(TASK TO COMPLETE)
Read through the entries below and copy each line where "including" turns up.

(RECORDS TO USE)
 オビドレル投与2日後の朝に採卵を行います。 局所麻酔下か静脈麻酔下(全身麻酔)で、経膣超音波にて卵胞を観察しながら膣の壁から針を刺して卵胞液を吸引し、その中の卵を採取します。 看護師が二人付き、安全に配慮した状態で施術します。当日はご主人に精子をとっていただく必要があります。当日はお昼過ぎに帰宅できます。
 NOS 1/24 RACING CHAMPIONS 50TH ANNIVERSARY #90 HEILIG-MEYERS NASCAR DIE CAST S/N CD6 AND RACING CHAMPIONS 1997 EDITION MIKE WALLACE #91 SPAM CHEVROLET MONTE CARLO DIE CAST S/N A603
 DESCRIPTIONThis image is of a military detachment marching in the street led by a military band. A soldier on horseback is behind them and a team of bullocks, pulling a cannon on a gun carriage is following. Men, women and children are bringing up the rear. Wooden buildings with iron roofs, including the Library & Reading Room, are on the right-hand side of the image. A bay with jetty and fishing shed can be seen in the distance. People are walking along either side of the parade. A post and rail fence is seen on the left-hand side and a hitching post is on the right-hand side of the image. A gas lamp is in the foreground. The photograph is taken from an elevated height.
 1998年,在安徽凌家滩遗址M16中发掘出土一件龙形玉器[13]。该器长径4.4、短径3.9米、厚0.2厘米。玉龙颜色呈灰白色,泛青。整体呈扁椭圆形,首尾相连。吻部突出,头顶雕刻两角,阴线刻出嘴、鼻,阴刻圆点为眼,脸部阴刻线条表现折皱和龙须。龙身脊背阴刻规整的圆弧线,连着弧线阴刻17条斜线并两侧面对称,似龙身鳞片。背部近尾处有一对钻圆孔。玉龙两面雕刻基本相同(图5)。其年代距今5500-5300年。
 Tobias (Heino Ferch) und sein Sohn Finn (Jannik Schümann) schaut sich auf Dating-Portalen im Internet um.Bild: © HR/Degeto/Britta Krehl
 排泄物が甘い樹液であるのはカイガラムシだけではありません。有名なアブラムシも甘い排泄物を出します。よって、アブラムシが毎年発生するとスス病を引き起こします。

--

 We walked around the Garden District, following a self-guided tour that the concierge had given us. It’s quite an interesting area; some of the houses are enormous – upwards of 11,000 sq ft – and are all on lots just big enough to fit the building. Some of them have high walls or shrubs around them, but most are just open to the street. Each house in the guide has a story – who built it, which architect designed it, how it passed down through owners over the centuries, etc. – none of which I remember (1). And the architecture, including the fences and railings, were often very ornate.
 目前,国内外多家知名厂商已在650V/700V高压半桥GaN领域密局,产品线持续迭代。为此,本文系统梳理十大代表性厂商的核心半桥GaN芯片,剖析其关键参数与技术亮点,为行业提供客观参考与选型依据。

==

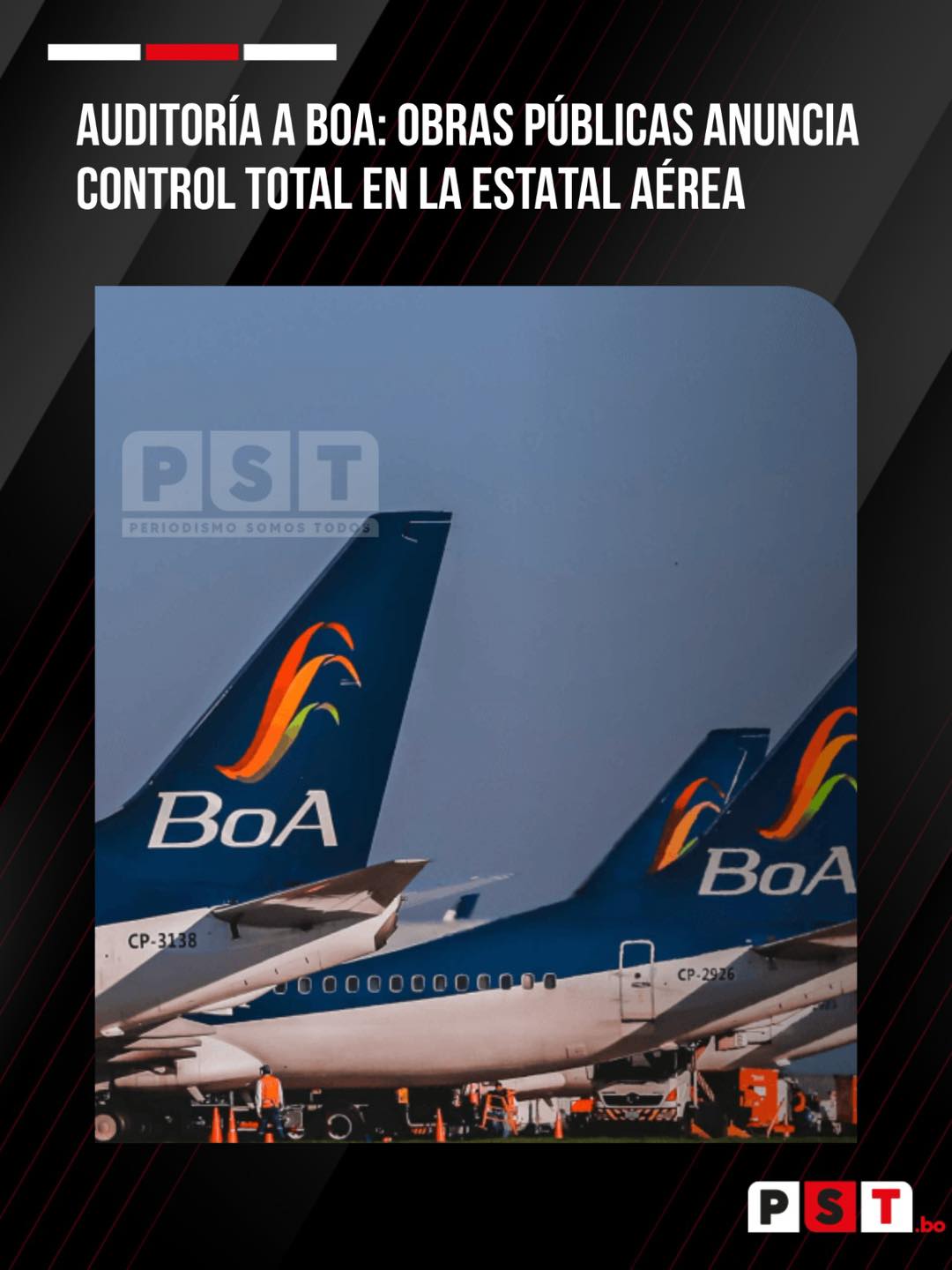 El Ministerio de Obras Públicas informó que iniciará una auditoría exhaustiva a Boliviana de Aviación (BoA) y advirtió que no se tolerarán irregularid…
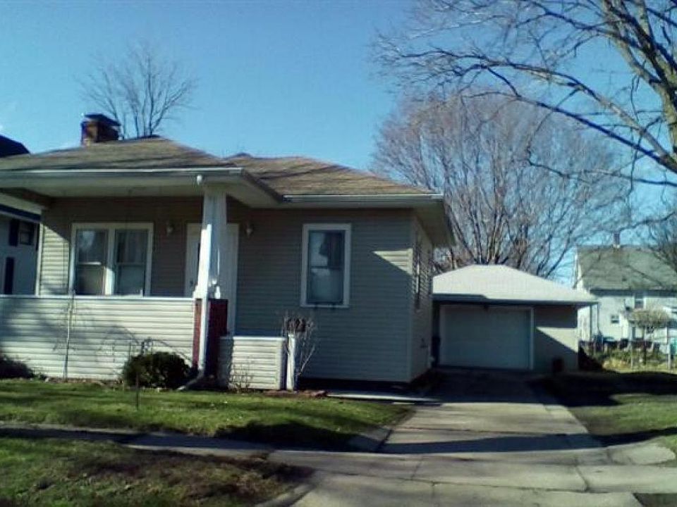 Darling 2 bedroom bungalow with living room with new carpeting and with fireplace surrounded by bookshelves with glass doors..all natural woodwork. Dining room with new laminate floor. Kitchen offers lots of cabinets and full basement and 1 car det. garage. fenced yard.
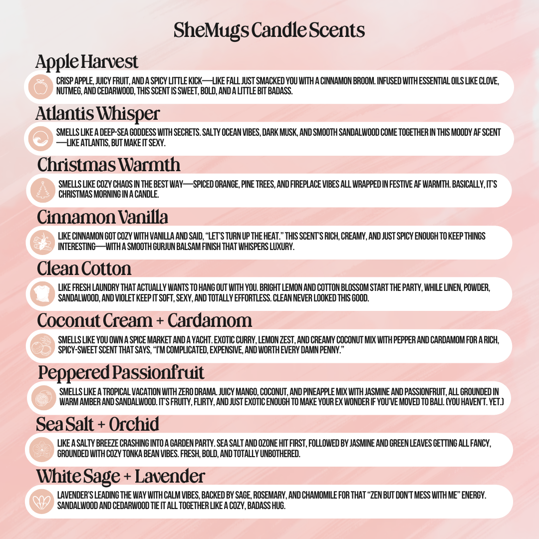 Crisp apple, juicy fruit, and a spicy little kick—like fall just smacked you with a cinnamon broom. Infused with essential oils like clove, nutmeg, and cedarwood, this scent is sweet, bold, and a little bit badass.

(EXERCISE ANSWER)
 DESCRIPTIONThis image is of a military detachment marching in the street led by a military band. A soldier on horseback is behind them and a team of bullocks, pulling a cannon on a gun carriage is following. Men, women and children are bringing up the rear. Wooden buildings with iron roofs, including the Library & Reading Room, are on the right-hand side of the image. A bay with jetty and fishing shed can be seen in the distance. People are walking along either side of the parade. A post and rail fence is seen on the left-hand side and a hitching post is on the right-hand side of the image. A gas lamp is in the foreground. The photograph is taken from an elevated height.
 We walked around the Garden District, following a self-guided tour that the concierge had given us. It’s quite an interesting area; some of the houses are enormous – upwards of 11,000 sq ft – and are all on lots just big enough to fit the building. Some of them have high walls or shrubs around them, but most are just open to the street. Each house in the guide has a story – who built it, which architect designed it, how it passed down through owners over the centuries, etc. – none of which I remember (1). And the architecture, including the fences and railings, were often very ornate.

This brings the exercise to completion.